MINIMUM_FRAGMENT_SIZE = 7

In [4]:
errfs = oechem.oeosstream() # create a stream that writes internally to a stream
oechem.OEThrow.SetOutputStream(errfs)
oechem.OEThrow.Clear()
oechem.OEThrow.SetLevel(oechem.OEErrorLevel_Verbose)

In [5]:
def read_pdb_file(pdb_file):
    ifs = oechem.oemolistream()
    ifs.SetFlavor(oechem.OEFormat_PDB, oechem.OEIFlavor_PDB_Default | oechem.OEIFlavor_PDB_DATA | oechem.OEIFlavor_PDB_ALTLOC)  # noqa

    if not ifs.open(pdb_file):
        oechem.OEThrow.Fatal("Unable to open %s for reading." % pdb_file)

    mol = oechem.OEGraphMol()
    if not oechem.OEReadMolecule(ifs, mol):
        oechem.OEThrow.Fatal("Unable to read molecule from %s." % pdb_file)
    ifs.close()

    return mol

def remove_from_lines(lines: List[str], string: str) -> List[str]:
    return [line for line in lines if string not in line]

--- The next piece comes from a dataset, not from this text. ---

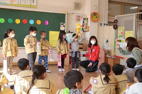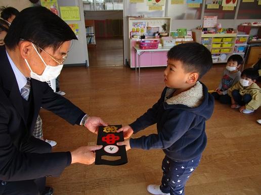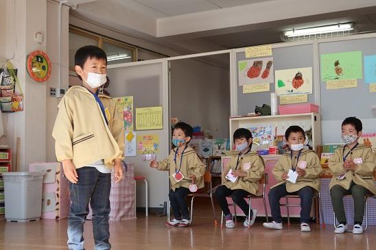 その後、代表園児が、手作りした千歳飴袋づくりで工夫したことなどを発表しました。

def is_in_lines(lines: List[str], string: str) -> bool:
    return np.any([string in line for line in lines])


def add_prefix(lines: List[str], prefix: str) -> List[str]:
    return [line + '\n' for line in prefix.split('\n')] + lines


def lines_to_mol_graph(lines: List[str]) -> oechem.OEGraphMol:

    with tempfile.NamedTemporaryFile(delete=False, mode='wt', suffix='.pdb') as pdbfile:
        pdbfile.write(''.join(lines))
        pdbfile.close()
        mol = read_pdb_file(pdbfile.name)

    return mol

def change_protonation(molecule: oechem.OEGraphMol, options: oechem.OEPlaceHydrogensOptions,
                       match_strings: List[str], atom_name: int, formal_charge: int, implicit_h_count: int) -> \
        Tuple[oechem.OEGraphMol, oechem.OEPlaceHydrogensOptions]:
    pred = oechem.OEAtomMatchResidue(match_strings)
    options.SetBypassPredicate(pred)
    for atom in molecule.GetAtoms(pred):
        if oechem.OEGetPDBAtomIndex(atom) == atom_name:
            print(f'\t ...changing protonation on {atom}')
            oechem.OESuppressHydrogens(atom)
            atom.SetImplicitHCount(implicit_h_count)
            atom.SetFormalCharge(formal_charge)
    return molecule, options

# Calculation

In [6]:
if is_P: 
    seqres = SEQRES_DIMER
else:
    seqres = SEQRES_MONOMER

Remove extraneous bits from PDB

In [7]:
lines = input_file.open().readlines()
lines = remove_from_lines(lines, 'UNK')
lines = remove_from_lines(lines, 'HOH')
lines = remove_from_lines(lines, 'LINK')
if not is_in_lines(lines, 'SEQRES'):
    lines = add_prefix(lines, seqres)
mol = lines_to_mol_graph(lines)

Set options

In [8]:
opts = oespruce.OEMakeDesignUnitOptions()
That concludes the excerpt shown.